AIM OF THE TASK:
In the listing below, the lines starting at the line with "4色のベルトがセットになって" and ending at the line with "Функції / можливості:2" are to be output verbatim. Images stay out of the copy.

PROVIDED RECORDS:
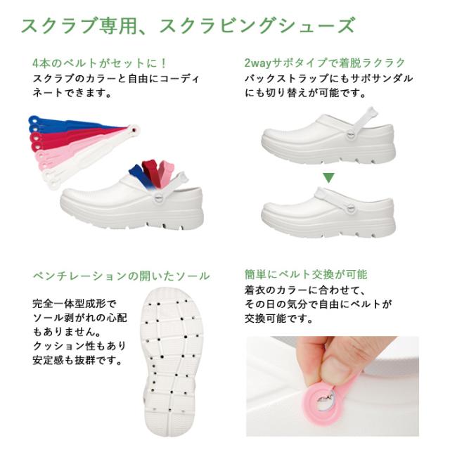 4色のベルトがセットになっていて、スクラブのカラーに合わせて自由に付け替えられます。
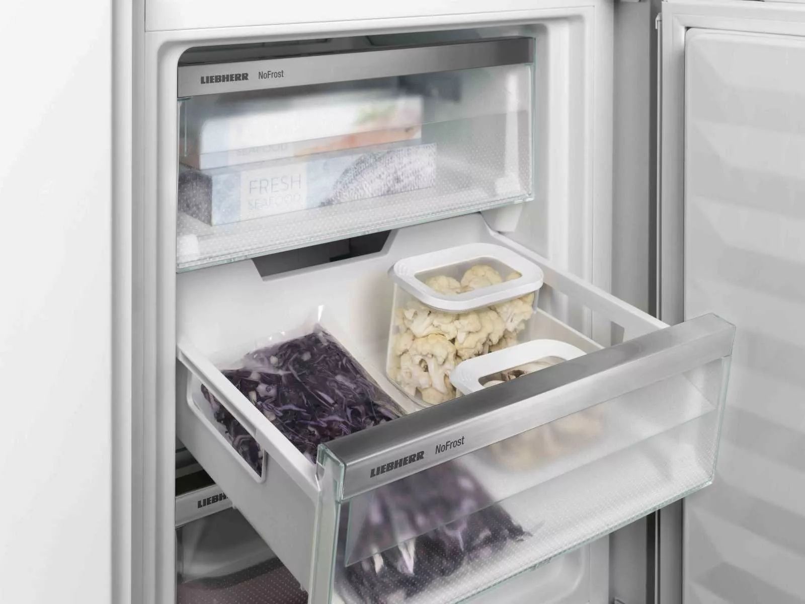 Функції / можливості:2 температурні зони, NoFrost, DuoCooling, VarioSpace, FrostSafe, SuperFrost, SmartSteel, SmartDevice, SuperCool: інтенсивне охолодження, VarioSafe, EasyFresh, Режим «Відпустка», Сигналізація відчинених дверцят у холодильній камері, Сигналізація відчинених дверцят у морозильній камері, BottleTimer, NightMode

--

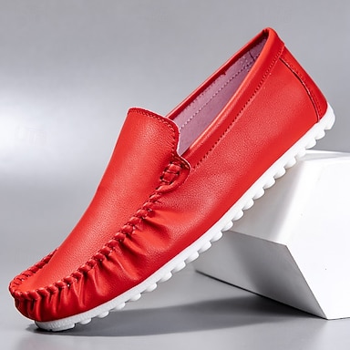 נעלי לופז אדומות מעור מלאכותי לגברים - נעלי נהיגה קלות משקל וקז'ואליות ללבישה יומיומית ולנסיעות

---

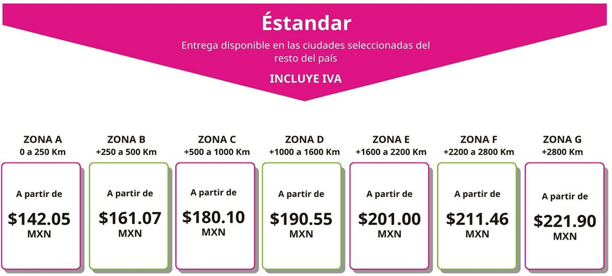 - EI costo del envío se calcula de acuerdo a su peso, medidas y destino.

COMPLETED TASK:
 4色のベルトがセットになっていて、スクラブのカラーに合わせて自由に付け替えられます。
 Функції / можливості:2 температурні зони, NoFrost, DuoCooling, VarioSpace, FrostSafe, SuperFrost, SmartSteel, SmartDevice, SuperCool: інтенсивне охолодження, VarioSafe, EasyFresh, Режим «Відпустка», Сигналізація відчинених дверцят у холодильній камері, Сигналізація відчинених дверцят у морозильній камері, BottleTimer, NightMode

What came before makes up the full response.